Он раскрыл массивную книгу меню, углубился в чтение шикарного типографского текста на толстой лощеной бумаге. Жалкий перечень дежурных обеденных блюд, отпечатанный под копирку, сейчас был ни к чему. Названия холодных закусок Миша пробежал быстрым взглядом и остановился на вторых. Здесь почти не было привычных ему: котлеты, поджарка, печень, биточки… Здесь все резало слух: чанахи, бастурма из филе, ростбиф, долма, чахохбили… Он решил, что подойдет официантка и он просто, непринужденно скажет, что хочет, есть, что ему бы добрый, прожаренный кусок мяса с картофелем или гречневой кашей.

Он тридцать раз мог успеть перечитать меню от начала и до конца, а официантка не подходила. Парни напротив наполнили по второму бокалу своим партнершам. С умными масками на лице, вполголоса, так, что почти не было слышно, рассказывали партнершам не то пикантные анекдоты, не то короткие истории. Рыжая успевала тихо смеяться, пить небольшими глотками вино, закусывать яблоком и косить чуть насмешливый взгляд в сторону Миши. Блондинка закусывала шоколадом, отчего губы ее обретали кофейный цвет…

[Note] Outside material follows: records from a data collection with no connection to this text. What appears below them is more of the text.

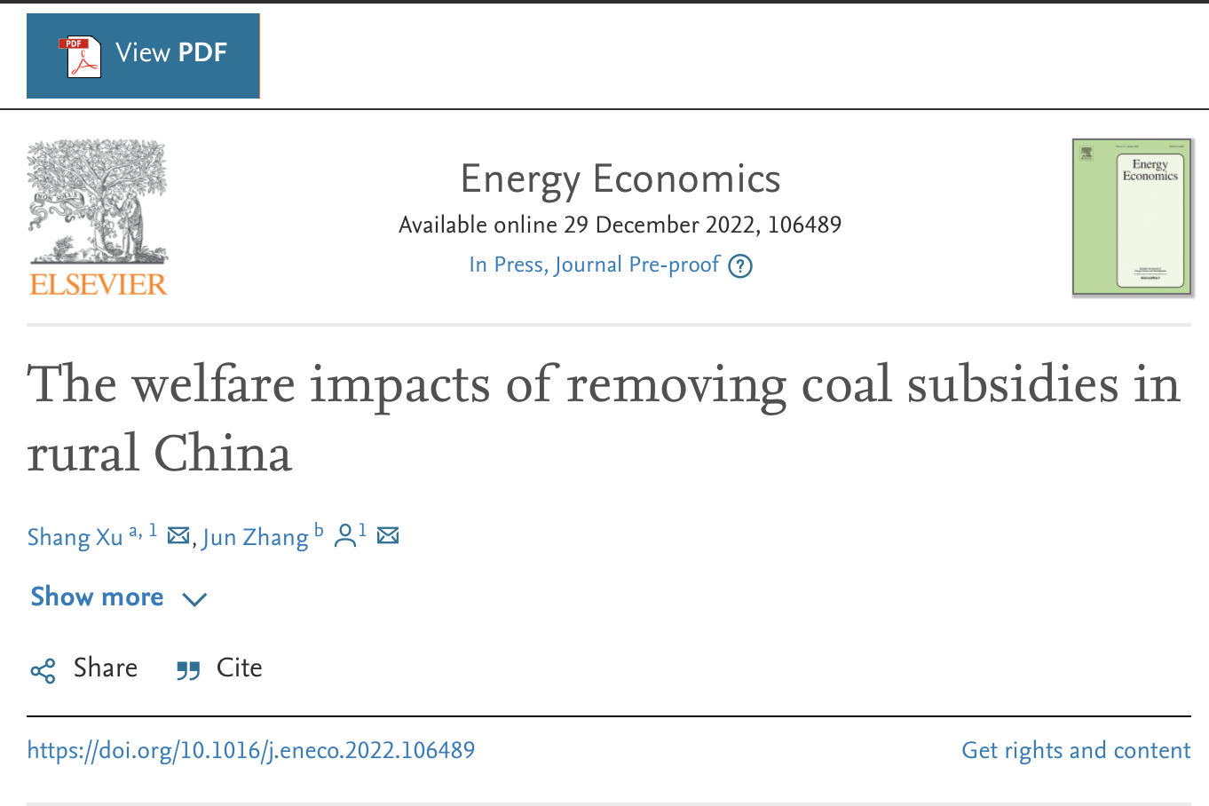 徐上助理教授在能源经济学领域国际权威期刊Energy Economics发表论文
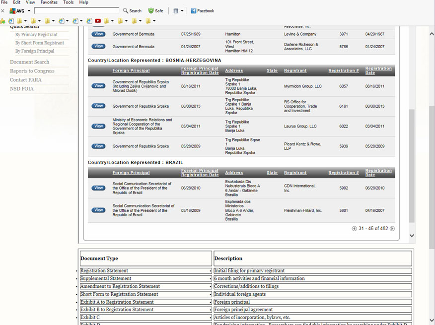 На интернет презентацији FARA, која је доступна свима, види се да је регистровано свега четири предузећа која у Вашингтону лобирају за Републику Српску.
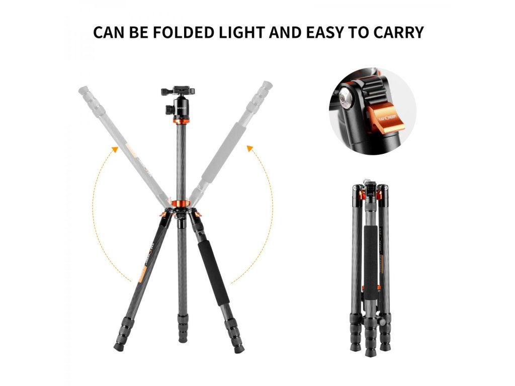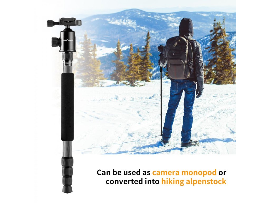 - * ?Monopied detașabil? Acest trepied profesional din fibră de carbon poate fi dezasamblat rapid cu un șurub în axa centrală pentru a-l transforma într-un monopied, oferind o modalitate alternativă de a fotografia cu ușurință.

Наконец Миша не вытерпел, вызывающе обернулся в сторону официанток. Тогда одна из них — полногрудая, на тонких ногах — встала, неторопливо подошла, достала из кармана записную книжечку, карандаш.

— Что будете кушать? — спросила она безразлично и сухо, глядя на Мишу сверху.

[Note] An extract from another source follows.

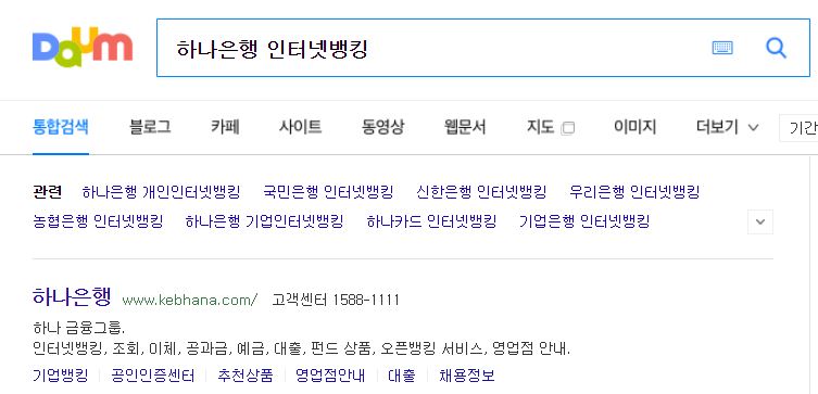 간단하게 하나은행 인터넷뱅킹에 접속하는 방법은 두가지입니다. 첫번째는 포털사이트검색창에 하나은행 인터넷뱅킹이라고 검색하면 상단에 주소가 나옵니다.
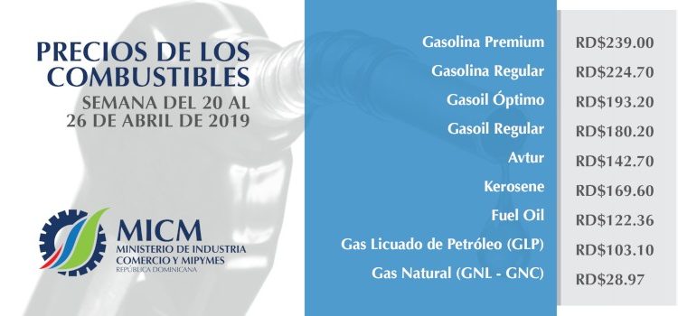 DISTRITO NACIONAL, República Dominicana. Todos los combustibles quedarán al mismo precio durante la semana del 20 al 26 de abril de 2019 por disposición del Ministerio de Industria, Comercio y Mipymes.

И сразу пропало желание сказать так, как хотел. Почему-то вдруг захотелось разговаривать грубо и дерзко.

— Я слушаю вас, — торопила она.

— Чахохбили, — сказал неожиданно для себя Миша.

Официантка лишь на секунду оторвала изучающе пристальный взгляд от Миши, сделала пометку в книжице и снова уставилась на него:

— Из холодных закусок ничего не желаете?

Он позабыл, что было в меню из холодных закусок, и назвал то, в чем не мог ошибиться:

— Селедку.

— С гарниром? Рубленую? — спросила она, словно бы определяя финансовую удельность своего посетителя.

— Давайте с гарниром, — ответил Миша лишь бы быстрее отделаться от въедливой официантки.

— Заправка горчичная или из масла и уксуса?

— Можно с горчицей.

— Первого не желаете?

— А что есть?

— Все, что в меню: сборная мясная солянка, харчо, шурпа, бозбаш…

— Харчо! — вспомнил Миша не раз встречавшееся ему слово.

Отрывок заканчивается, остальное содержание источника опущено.